After back-to-back seasons making it all the way to the Stanley Cup Final, the Oilers were eliminated in a six-game, first-round series by the Anaheim Ducks. The club held its annual end-of-season media availabilities on Saturday, and many of the team’s top players, including McDavid and Leon Draisaitl, delivered a brutal reality check about the direction of the team.
“I am concerned,” Draisaitl said. “A little bit of that leads into us players. We didn’t do a good enough job of properly winning games. I don’t like using the terminology of ‘taking the regular season serious,’ because we do, but I think you really have to form these moments, get comfortable in these moments, and we didn’t do that this year. It ended up showing in the first round here. I am concerned because we’re not trending in the right direction. We’ve taken big steps backwards.”
McDavid echoed Draisaitl’s sentiments and reaffirmed his assertion from Thursday night that the Oilers were an “average” team the whole season, and that when you have high expectations, average isn’t good enough.

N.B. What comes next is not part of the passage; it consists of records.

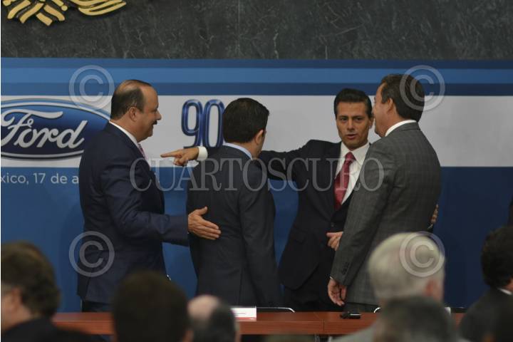 MÉXICO, D.F., 17ABRIL2015.- César Horacio Duarte Jáquez, gobernador de Chiahuahua, Ildefonso Guajardo Villareal, secretario de Economía, Enrique Peña Nieto, presidente de México y Miguel Márquez Márquez, gobernador del estado de Guanajuato, durante el anuncio de Inversión de los Proyectos de Motores y Transmisiones de Ford Motor Company en México, el cual pretende ampliar dos de sus fabricas, en el estado de Guanajuato y Chihuahua. FOTO: ADOLFO VLADIMIR/CUARTOSCURO.COM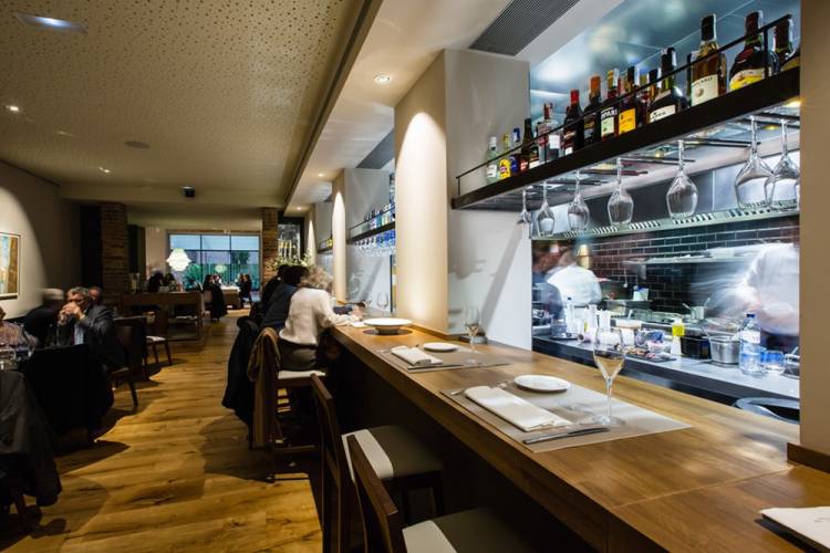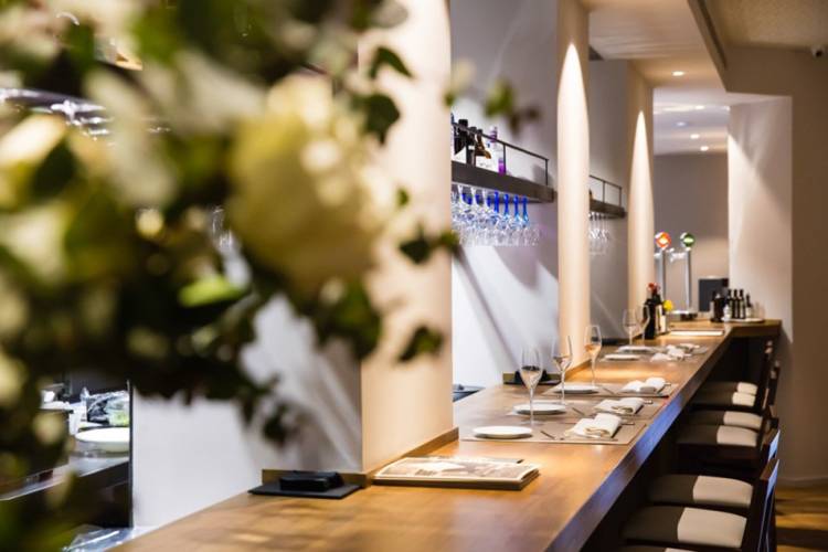 Para los que quieren algo más informal o tienen algo de más prisa, la larga y amplia barra de DOP, con excepcionales vistas a la cocina. Es uno de los rincones más apreciados del restaurante, donde gourmets con poco tiempo o con mucha curiosidad calman su hambre, en ambos sentidos.
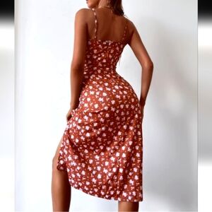 Womens Floral Rust Orange Midi Dress Back Zip Spaghetti Straps Slip Size Large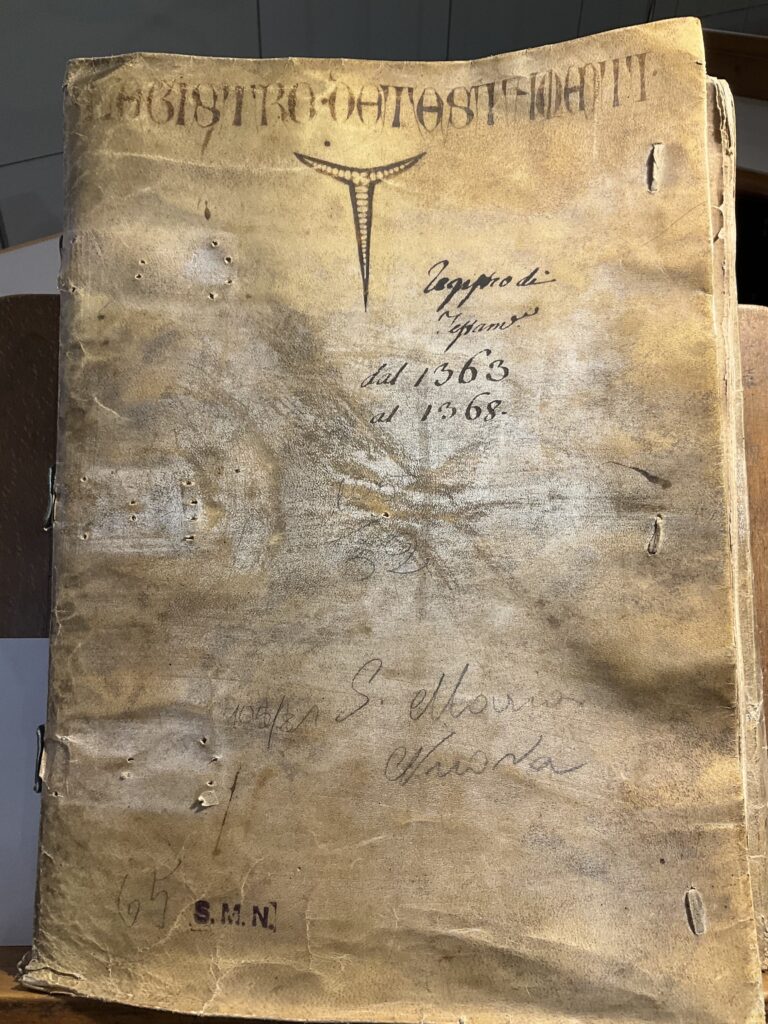One of the books of testaments preserved in the fondo of the Florentine major hospital (Ospedale di Santa Maria Nuova , Archivio di Stato di Firenze)

“Yeah, I feel the same way (as Draisaitl),” McDavid said. “It’s only a couple of days ago I made those comments. Obviously, I feel the same as I did a couple of days ago, and I agree with Leon that the organization as a whole has taken a step back. That starts with me, it starts with Leon. We can all be better, and we all need to be better.”
McDavid scored just one goal in the six-game series defeat, likely hampered by a foot/ankle fracture that he suffered in Game 2. Oilers head coach Kris Knoblauch revealed that the club’s captain was playing through immense pain, finishing the series as a minus-8, tied for the second-worst plus/minus in the first round.

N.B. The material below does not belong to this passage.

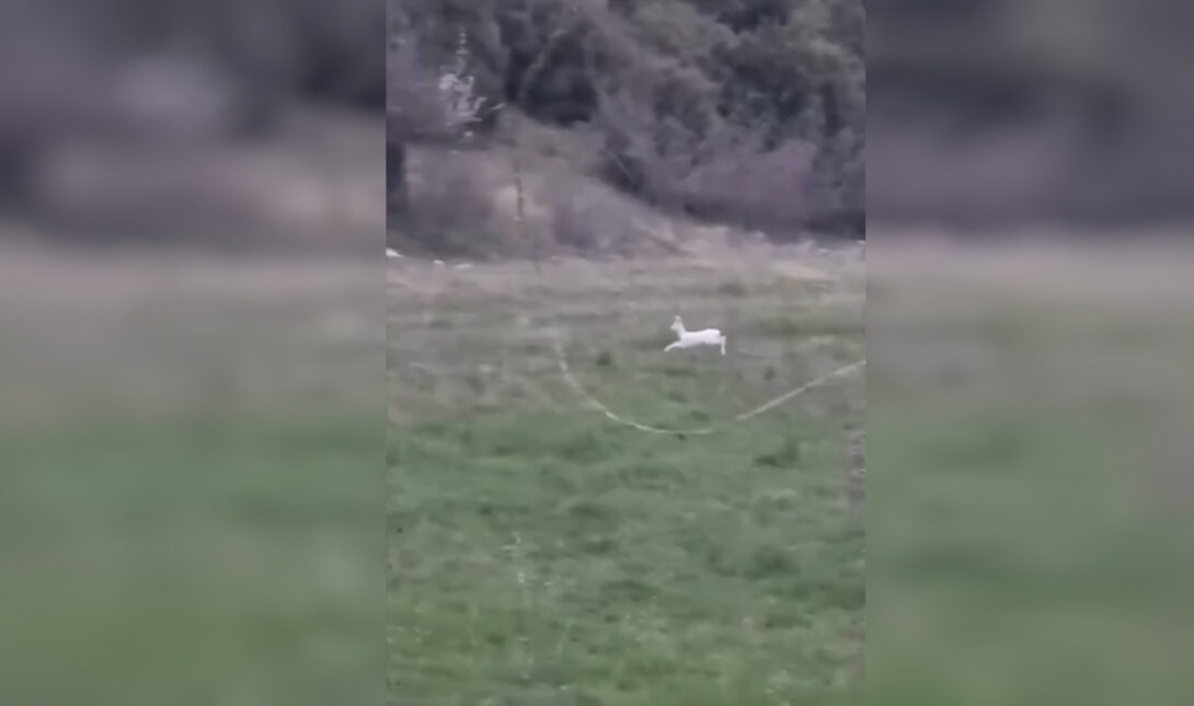 Στο βίντεο που δημοσιεύθηκε φαίνεται το ένα από τα δύο αλμπίνο ζαρκάδια να βόσκει ανέμελα στα χωράφια, κάνοντας μικρά άλματα στο έδαφος.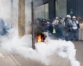 FRANCE. Paris. 13 April 2023. Protesters opposing President Emmanuel Macron's unpopular plan to raise the retirement age to 64.

The play in which McDavid suffered the injury was a seemingly innocuous collision with teammate Mattias Ekholm, where the two got their legs tangled trying to defend a Ducks rush.
“It’s not easy, guys playing through things,” McDavid said. “It sucks, really. But everyone does it, and we needed to find a way to be better, and we didn’t, I didn’t.”

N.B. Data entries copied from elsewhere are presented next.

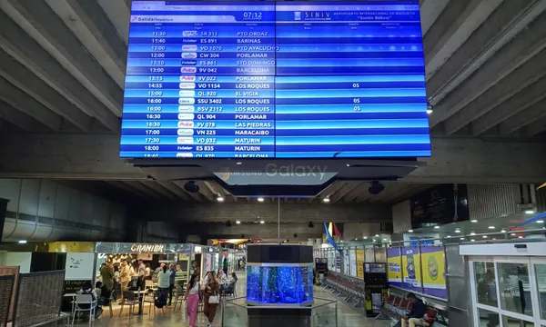 Màn hình hiển thị giờ khởi hành và giờ đến tại sân bay quốc tế Simon Bolivar ở Maiquetia, bang La Guaira, Venezuela ngày 3/6/2024 - Ảnh: Reuters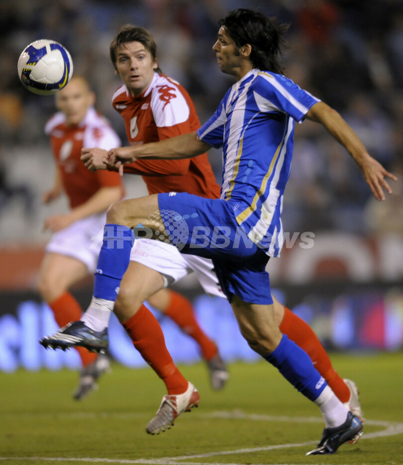 【10月3日 AFP】サッカーUEFA杯2008-09(UEFA Cup 2008-09)1回戦、デポルティボ・ラ・コルーニャ(Deportivo La Coruna)対SKブラン(SK Brann)第2戦。試合はデポルティボ・ラ・コルーニャが2-0で勝利を挙げ、2試合合計スコアを2-2の同点とし、そのまま延長でも決着つかず迎えたペナルティーキック(PK)戦でデポルティボ・ラ・コルーニャが3-2で勝利した。(c)AFP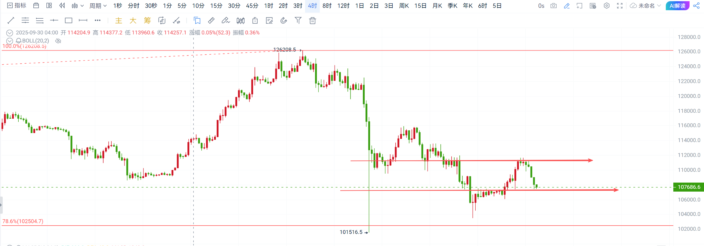 目前行情从日线级别看,大饼连阳直上至压力位110500附近后遇阻回落,前面文章也提过这里是顶底转换处,目前测压后回落,压力依旧有效,下方支撑108000-106000一线,破位则继续下看至102000附近,以太则也是连阳直上至压力位4080附近开始遇阻回落,收线在4000压力位下方,支撑3800-3750一线;
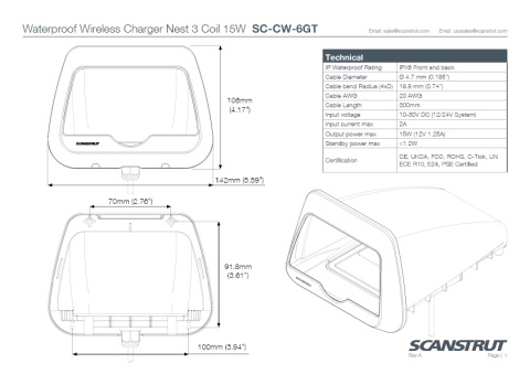 SC-CW-6GT Wodoodporna ładowarka bezprzewodowa Nest, 3 cewki, 15W, z kieszenią na telefon, 12/24V

Ahead of the season, McDavid signed a two-year, $25 million extension with the Oilers, taking a massive discount to try to help the team add around him and win a Stanley Cup. With that extension kicking in next year, the Oilers quickly seem to be on the clock before he fits unrestricted free agency.
“In what world do you have the best player in the world on your team and you’re not looking to win?” Draisaitl said. “We need to be better. We have to be better. There is no way around it. He’s signed for two more years, and god knows where that goes. We have two years. We have to get significantly better.”
McDavid finished the 2025-26 campaign with a league-leading 138 points (48g, 90a) in 82 games. Given his megastar status and the Oilers’ flailing out in the first round, the soon-to-be 30-year-old will be peppered with questions about his future. For now, he claims not to have any intention of going anywhere else.
“I want to win, and I want to win here in Edmonton,” McDavid said. “That’s my focus.”
The Oilers head into the offseason with the 18th-most projected salary cap space ($16.5 million) in the NHL. While they have most of their top pieces, like McDavid, Draisaitl, and defenseman Evan Bouchard, locked down, a large portion of their roster heads into the summer without contracts.
Edmonton’s long list of free agents includes Adam Henrique, Jason Dickinson, Jack Roslovic, Kasperi Kapanen, Max Jones, Colton Dach, Curtis Lazar, Connor Murphy, Spencer Stastney, and Connor Ingram. Seven of those players, including Ingram, the team’s starting netminder, played in their Game 6 loss to the Ducks.
The Oilers also do not have a ton of draft capital or top prospects to facilitate trades, as they don’t have a first-round pick in the next two drafts, nor do they have a second-round pick in the 2028 or 2029 NHL Draft.